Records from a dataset
---

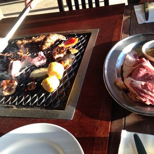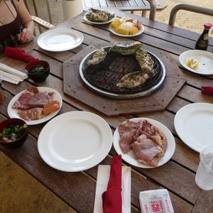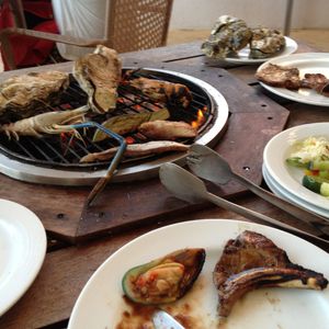 海辺の屋根つきの広いテラスみたいなところで、自分達で焼いて食べるスタイルです。
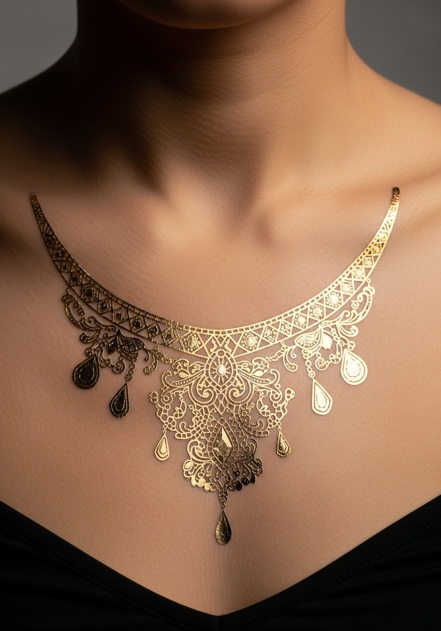 Foil statement tattoos photograph beautifully and can stand in for heavy jewelry in shoots. For a believable look, pick subdued metallic tones and thin links. These sit best on chest or clavicle where they mimic necklace placement. They won’t last as long as matte transfers, but the visual effect is immediate and convincing from a distance.
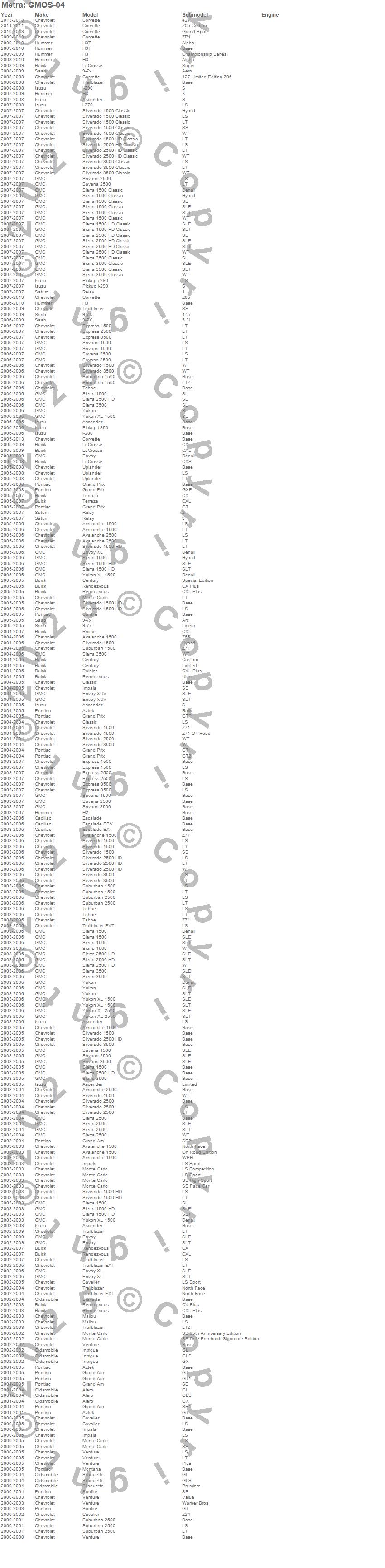 9-7X, Alero, Ascender, Avalanche 1500, Avalanche 2500, Aztek, Bravada, Cavalier, Century, Classic, Corvette, Envoy, Envoy XL, Envoy XUV, Escalade, Escalade ESV, Escalade EXT, Express 1500, Express 2500, Express 3500 more…
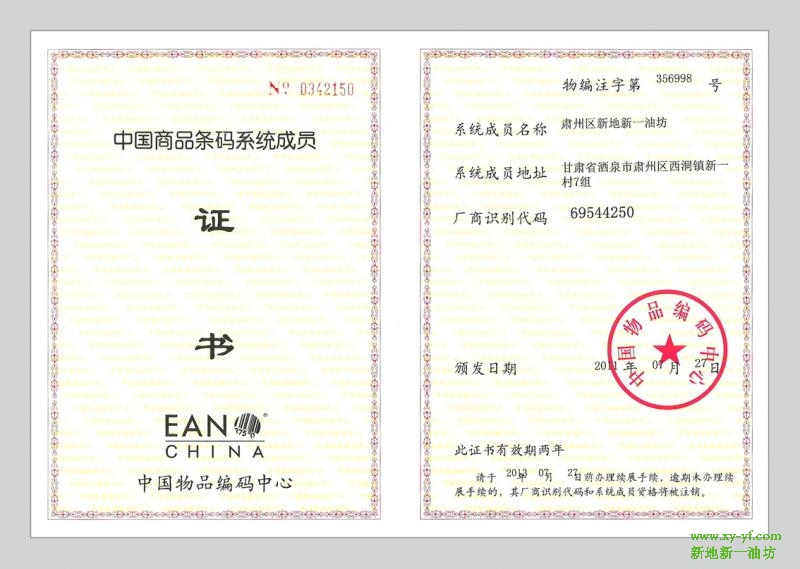 详细介绍:中国商品条码系统成员证书
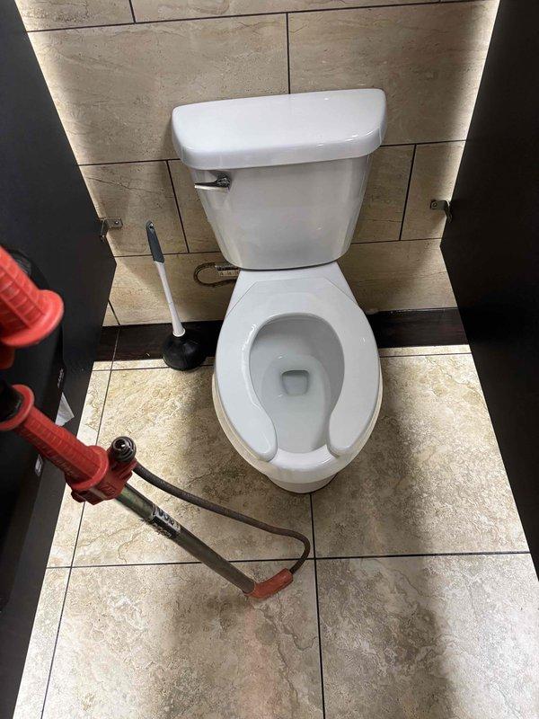 Responded to clogged toilet service call and successfully cleared the blockage using a combination of plunger and auger techniques. Toilet was restored to normal working condition with proper flushing capability verified after service completion.
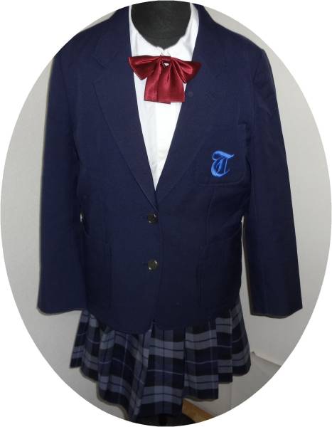 生地紺2個銀ボタンブレザー。生地灰色20本ひだターターンチェックスカート。
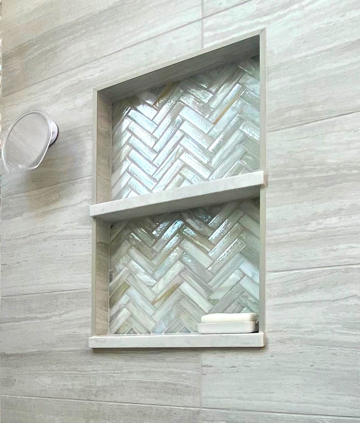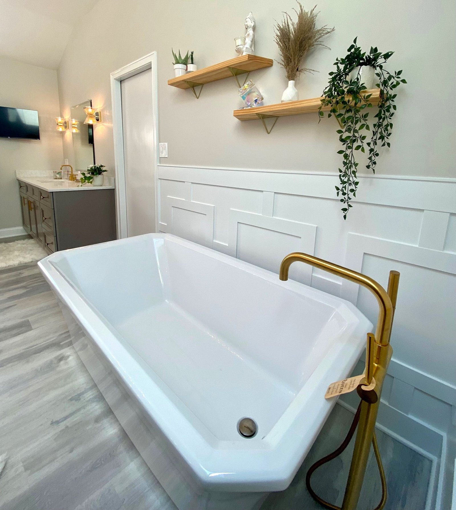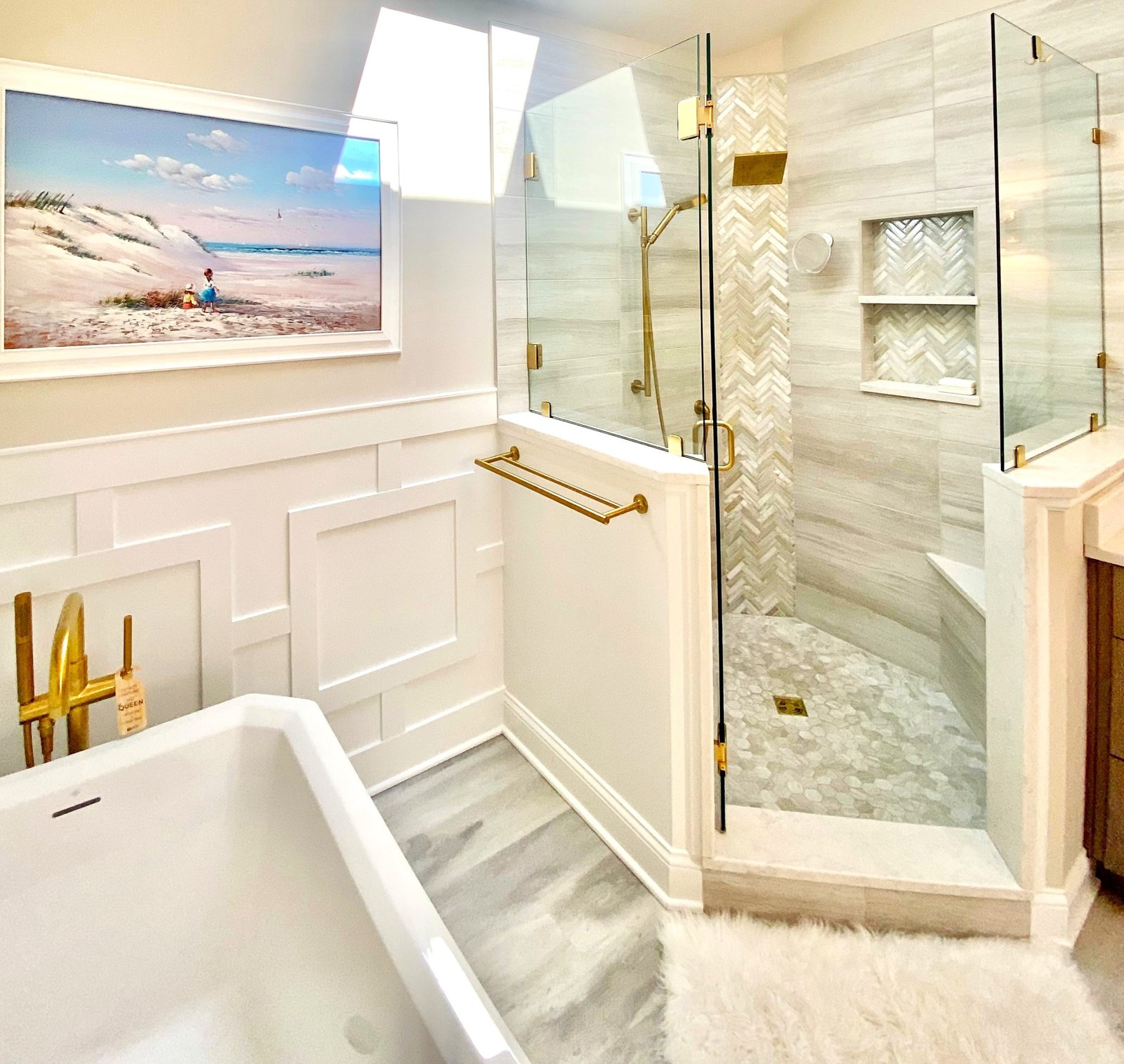 The centerpiece of the bathroom is the freestanding soaking tub, positioned against a custom white paneled wall that adds depth and architectural interest. Above, floating wood shelves provide a warm, natural touch while displaying curated décor. Just steps away, a frameless glass shower with floor-to-ceiling tile creates a spa-like experience. The herringbone accent wall inside the shower adds texture and visual intrigue, while a built-in bench and recessed shelving enhance both functionality and style.
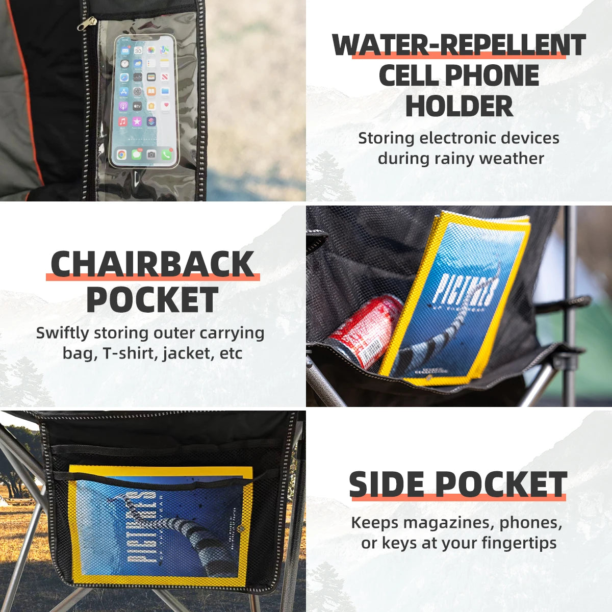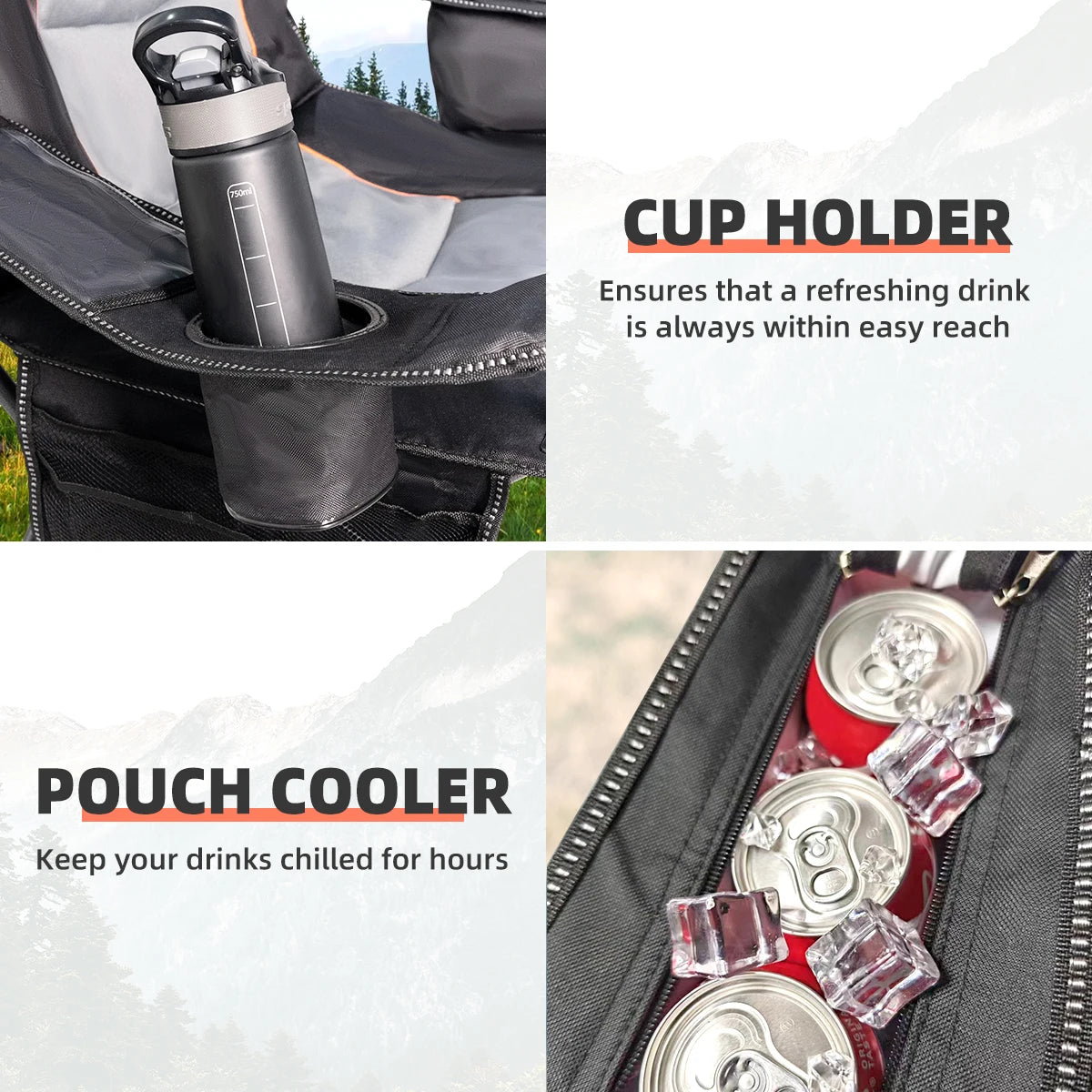 Tisetrail Oversized Camping Chair Folding Chair with Cooler Padded Outdoor Chairs Heavy Duty Support 500 LBS Black&Gray

---

Output should consist of the lines above from the one with "详细介绍:中国商品条码系统成员证书" down to the one with "生地紺2個銀ボタンブレザー。生地灰色20本ひだターターンチェックスカート。", exact and without pictures.

YOUR RESPONSE
 详细介绍:中国商品条码系统成员证书
 Responded to clogged toilet service call and successfully cleared the blockage using a combination of plunger and auger techniques. Toilet was restored to normal working condition with proper flushing capability verified after service completion.
 生地紺2個銀ボタンブレザー。生地灰色20本ひだターターンチェックスカート。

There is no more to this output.